Re: Locking scheme to block less

[viro]

On Mon, Aug 09, 2004 at 08:38:33PM -0400, John Richard Moser wrote:
> Currently, the kernel uses only spin_locks, which are similar to mutex 
> locks;

Does it, really?

> If the kernel provided a read-write locking semaphore,

or if you would care to RTFS and find that it does...

Re: Locking scheme to block less

[John Richard Moser]

viro@parcelfarce.linux.theplanet.co.uk wrote:
> On Mon, Aug 09, 2004 at 08:38:33PM -0400, John Richard Moser wrote:
> 
>>Currently, the kernel uses only spin_locks, which are similar to mutex 
>>locks;
> 
> 
> Does it, really?
> 
> 
>>If the kernel provided a read-write locking semaphore,
> 
> 
> or if you would care to RTFS and find that it does...

o_o I haven't found it.


-- 
All content of all messages exchanged herein are left in the
Public Domain, unless otherwise explicitly stated.

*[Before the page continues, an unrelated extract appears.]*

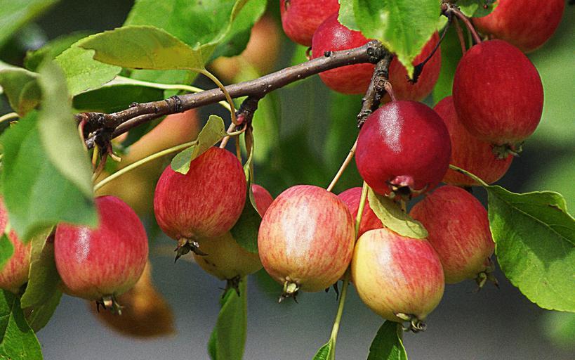Keywords: fruit nature apples foliage red apple miniature apples branch edible

Re: Locking scheme to block less

[Rik van Riel]

On Mon, 9 Aug 2004, John Richard Moser wrote:

> Currently, the kernel uses only spin_locks,

Oh ?   Haven't you seen the read/write locks in
include/linux/spinlock.h or the lockless synchronisation
provided by include/linux/rcu.h ?

> If the kernel provided a read-write locking semaphore,

Funny, it does.  You're not looking at a 2.0 kernel, are
you?

> spin_read_to_write_lock(spin_rwlock_t *lock);

> A read_to_write lock will block two such operations from occuring 
> concurrently, while still allowing read only operations AND still being 
> blocked when switched to write mode by both read and write operations.

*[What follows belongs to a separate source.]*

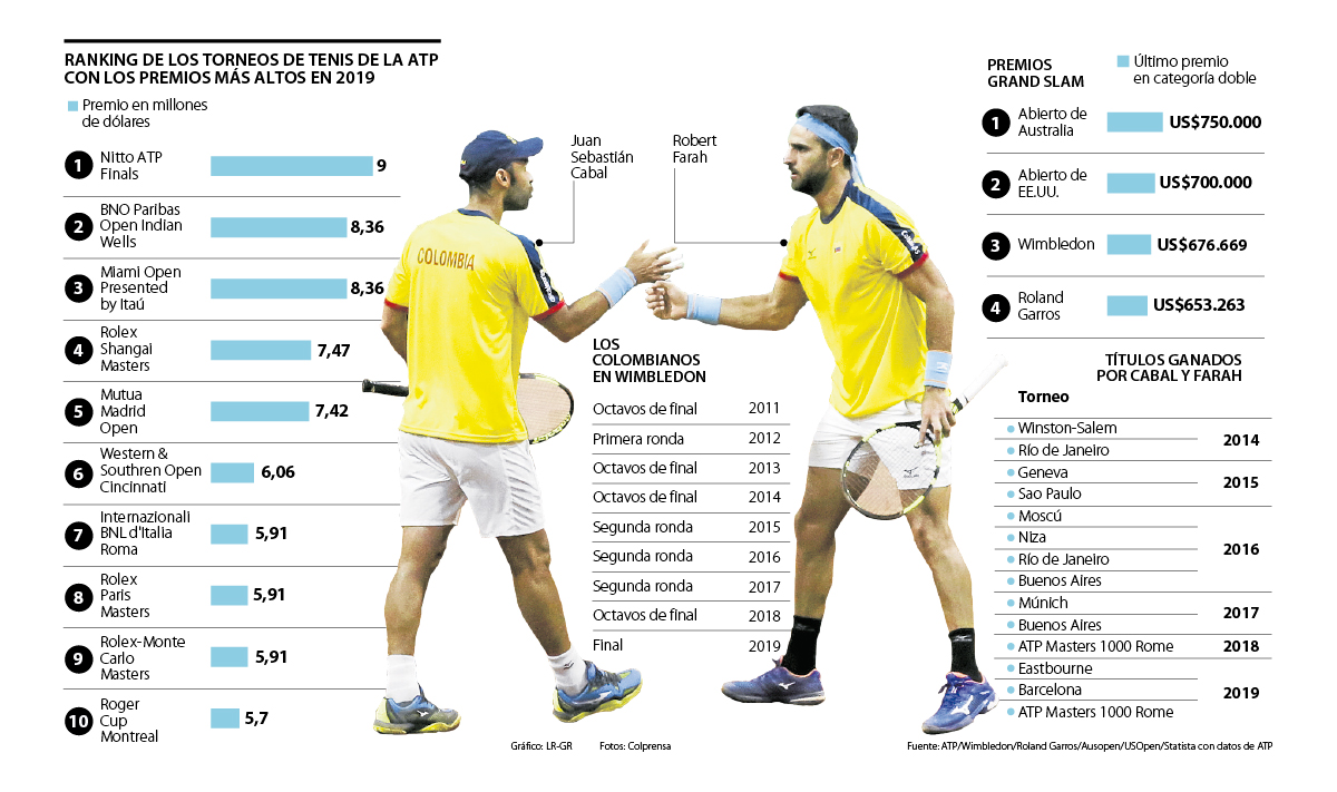 De llevarse el título hoy, esta cifra se sumaría a los ingresos obtenidos por Cabal y Farah en los tres títulos que acumulan durante este año. Hasta ayer, sin contar todavía un premio Wimbledon, ATP indicaba que cada uno de los deportistas vallecaucanos acumulaba unos ingresos de US$461.600 por estos reconocimientos. Además, durante toda su carrera deportiva, jugando en conjunto, han acumulado US$2,78 millones según la misma fuente.

In fact, two threads trying to upgrade their read lock to a
write lock simultaneously will block EACH OTHER, FOREVER.

Sounds like an exceedingly bad idea to me ;)

-- 
"Debugging is twice as hard as writing the code in the first place.
Therefore, if you write the code as cleverly as possible, you are,
by definition, not smart enough to debug it." - Brian W. Kernighan

Re: Locking scheme to block less

[John Richard Moser]

Rik van Riel wrote:
> On Mon, 9 Aug 2004, John Richard Moser wrote:
> 
> 
>>Currently, the kernel uses only spin_locks,
> 
> 
> Oh ?   Haven't you seen the read/write locks in
> include/linux/spinlock.h or the lockless synchronisation
> provided by include/linux/rcu.h ?
> 

No, last I looked was in 2.4, and it was a passing glance long ago.

> 
>>If the kernel provided a read-write locking semaphore,
> 
> 
> Funny, it does.  You're not looking at a 2.0 kernel, are
> you?
> 
> 
>>spin_read_to_write_lock(spin_rwlock_t *lock);
>

[Reinsert->]
This is a read lock that will become a write lock.  It allows other read 
locks; but blocks write locks and other read_to_write locks.  It is 
blocked by write locks [and other read_to_write locks](sorry).
> 
>>A read_to_write lock will block two such operations from occuring 
>>concurrently, while still allowing read only operations AND still being 
>>blocked when switched to write mode by both read and write operations.
> 
> 
> In fact, two threads trying to upgrade their read lock to a
> write lock simultaneously will block EACH OTHER, FOREVER.
> 

What no, read that.  It blocks write locks and other read_to_write 
locks.  It should have the above ammendment that it blocks other 
read_to_write locks from beginning, although it is mentioned that this 
DOES block its own kind.  I guess I need to repete myself sometimes.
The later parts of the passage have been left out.